McEncroe further explained that Shebah is a safer ridesharing option that meets the “needs of people who’ve essentially been overlooked and taken for granted.”

She mentioned how the company’s strengths are in servicing school children and the aged care sector – areas it argues will make the business sustainable into the future.

“The more we look to cities of the future, people don’t want to be driving their cars around and they want to be able to access a safe car,” she said.

 

How Shebah came to be

“It came to me in a dream,” McEncroe said.

She had initially called the service ‘Mum’s Taxi’ but her friends weren’t too keen on it. “My friends in marketing just said that is the worst name ever – you have to get rid of it,” McEncroe explained.
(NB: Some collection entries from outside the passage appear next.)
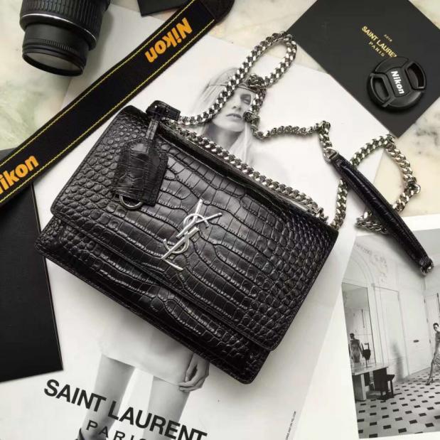 • 詳細介紹:爆款圣羅蘭YSL SLP 王子文同款鱷魚紋款 進口鱷魚紋牛皮,根本你都分不出是鱷魚紋還是鱷魚皮,這質感就得配這亮面的白鋼五金,看清楚皮紋哦,這是專柜剛出的皮紋哦不同以前的皮紋,五金也是亮的,別買到不對版和鬧笑話,而且軟來又不是硬邦邦的那種,好皮胚壓出來的效果還是嗷嗷的,Saint Laurent YSL sunset 中號 鱷魚紋 肩包 鏈條女包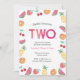 Faites une 2ème (deuxième) fête d'anniversaire tropicale pour votre petit ! Cette adorable invitation à l'anniversaire rose fruité présente des fruits d'aquarelle dont des ananas, des pastèques, des oranges, des cerises et des fraises. Tous les détails, y compris (sauf l'âge), sont personnalisables. D'autres âges sont également disponibles dans cette collection.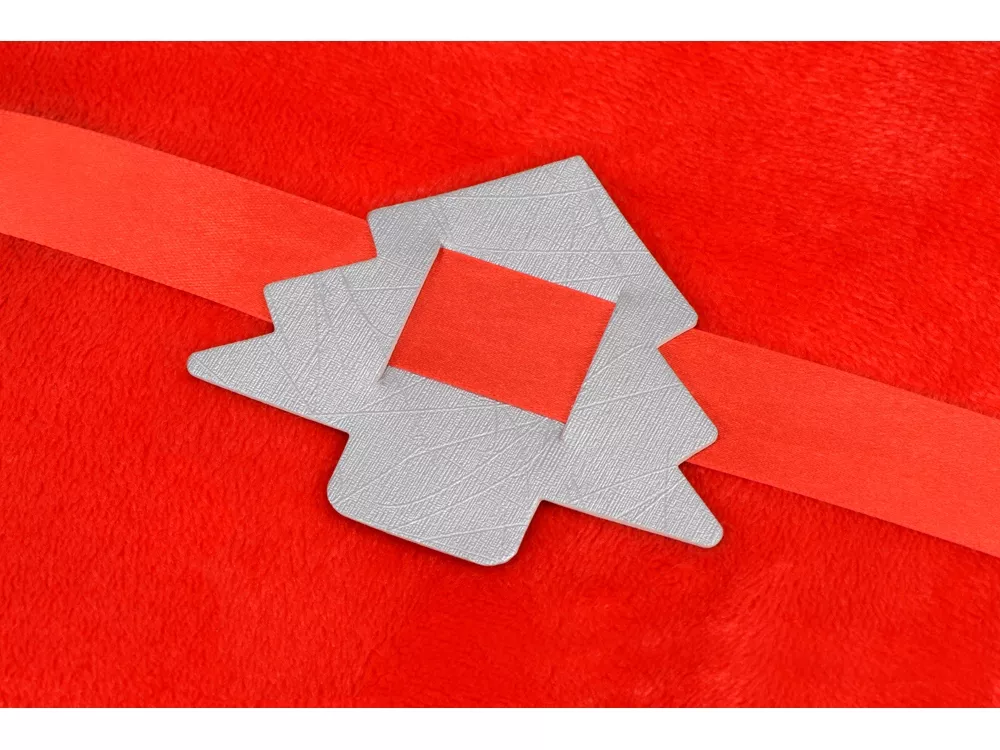 Отличная идея для персонализации новогодних подарков и пледов. С помощью специальных прорезей по бокам бирка надежно крепится с ленте, которой перевязан плед, и выглядит, как новогодняя игрушка.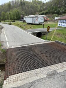 Barricades have been placed at each end of the structure to prevent traffic flow. Motorists can use US 460 and KY 40 through Oil Spings as alternate routes. The roadway, KY 580, connects between KY 40 and US 460, and serves about 320 vehicles a day.
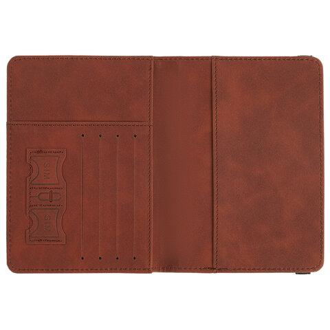 Обложка для паспорта и документов с защитой от считывания, 9 карманов, резинка, экокожа, коричневая, BRAUBERG, 238751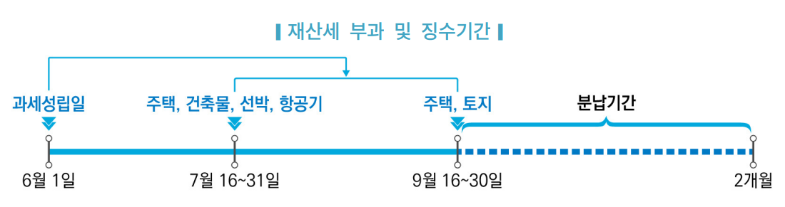 재산세는 매년 2번 납부합니다. 어떤 항목이냐에 따라 다르지만, 보통 부동산을 많이들 갖고 계시기 때문에 부동산 재산세가 20만원 이상일 경우 2회에 걸쳐서 납부, 그 이하라면 한 번에 7월에 재산세를 내시면 됩니다.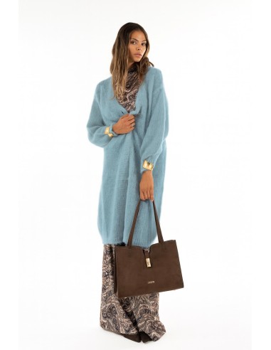 Kontatto assina uma peça de vestuário comprida e envolvente, com um corte suave que adelgaça a silhueta. Malha macia com efeito mohair, muito leve e quente. Decote em V limpo com botão metálico maxi e bolsos laterais discretos. Perfeito sobre vestidos ou calças de ganga para o escritório e momentos de lazer, acrescenta conforto e feminilidade a todos os looks.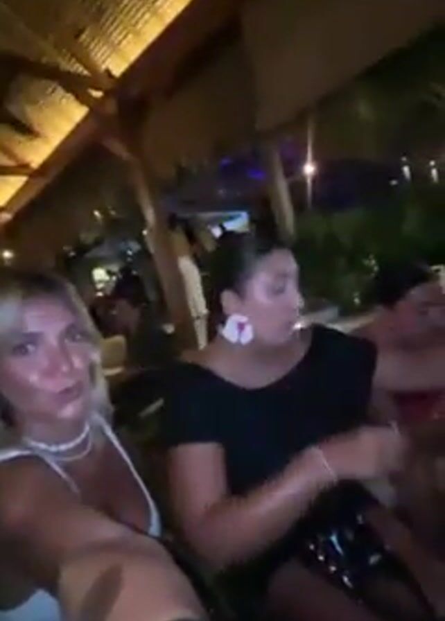 The video, taken at night, features a group of people in what appears to be an outdoor bar or club setting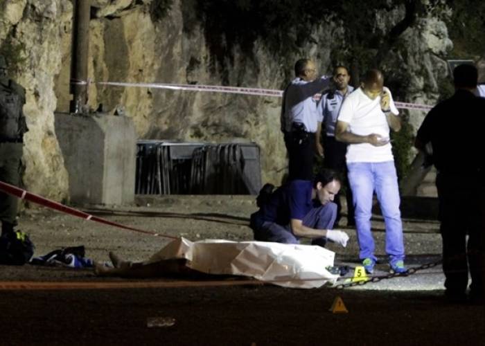 At one scene, two Palestinians were shot dead after opening fire at and trying to stab a group of Israeli police officers, police said. At the other, a Palestinian fatally stabbed a border policewoman before being shot dead by police.
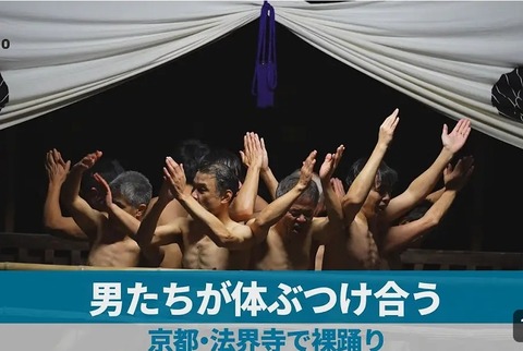【画像】京都・法界寺で「裸踊り」、体を激しくぶつかり合う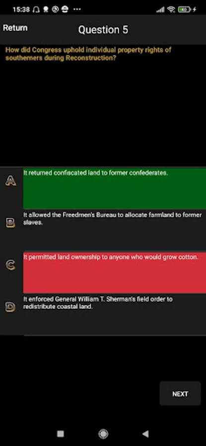 The US History app lets you practice facts about US history that are typically part of the curriculum for students in 6th through 8th grade.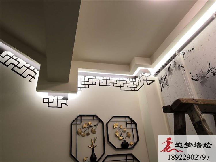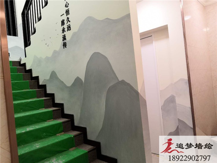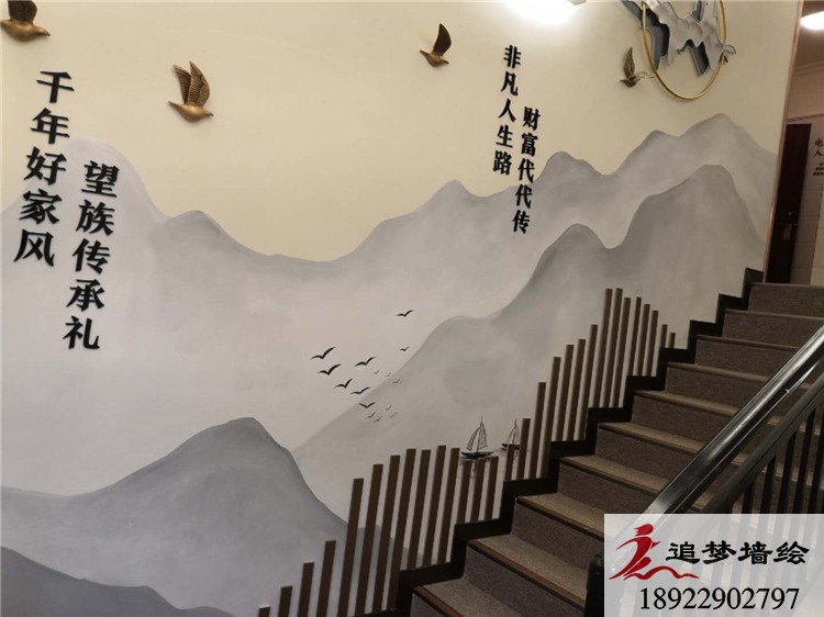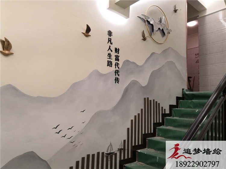 墻繪項目介紹:整個樓道的彩繪以水墨山水畫以及一些微派的建筑為背景,加以少許花朵樹枝點 綴,勾勒出一幅峰巒疊嶂的秀麗境色。為了拒絕視覺疲勞,我們為此專門在樓道增加了一些立體飛鳥和山峰。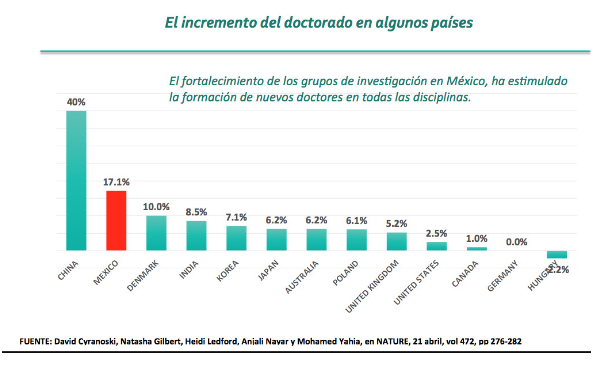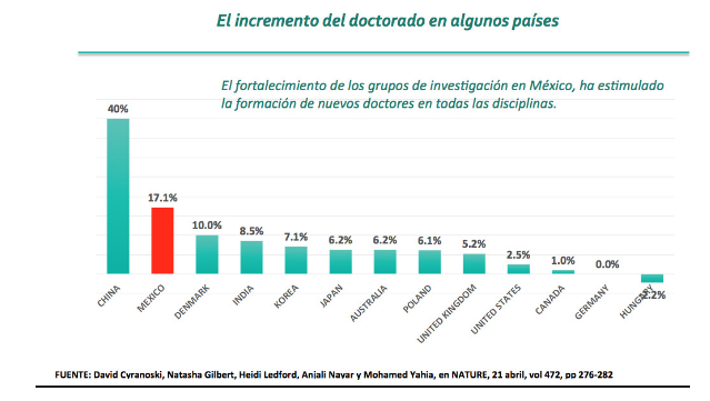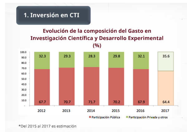 En tanto, en México ocurre lo contrario, 67.9 por ciento de la inversión la hace el gobierno y la iniciativa privada sólo participa con 32.1 por ciento, según datos presentados recientemente por el titular del Conacyt, Enrique Cabrero Mendoza.

Her friends added that it would be hard to get teenagers into the cars with a name like that.

The name Shebah is based on the Queen of Sheba, a wealthy woman mentioned in the Bible who questioned King Solomon She was someone McEnroe had studied while she doing Theology at university.

“She challenged the wisdom of King Solomon,” McEncroe explained. “She was the original disruptor. I just think of her as pretty rockin’ and I love the way she’s depicted in lots of early art forms.”

The name may have initially come from a dream but that’s not the only iteration of the Queen of Sheba that McEnroe derived the name from.

McEncroe also takes the name from the expression, “Who do you think you are, The Queen of Sheba”? To that, McEnroe said, “Yeah, I do.”

In the future, Shebah has plans to launch a business option and to expand into other countries. It currently has a licence to operate in New Zealand, McEnroe confirmed.

It’s also looking forward to its series A funding round in 2020.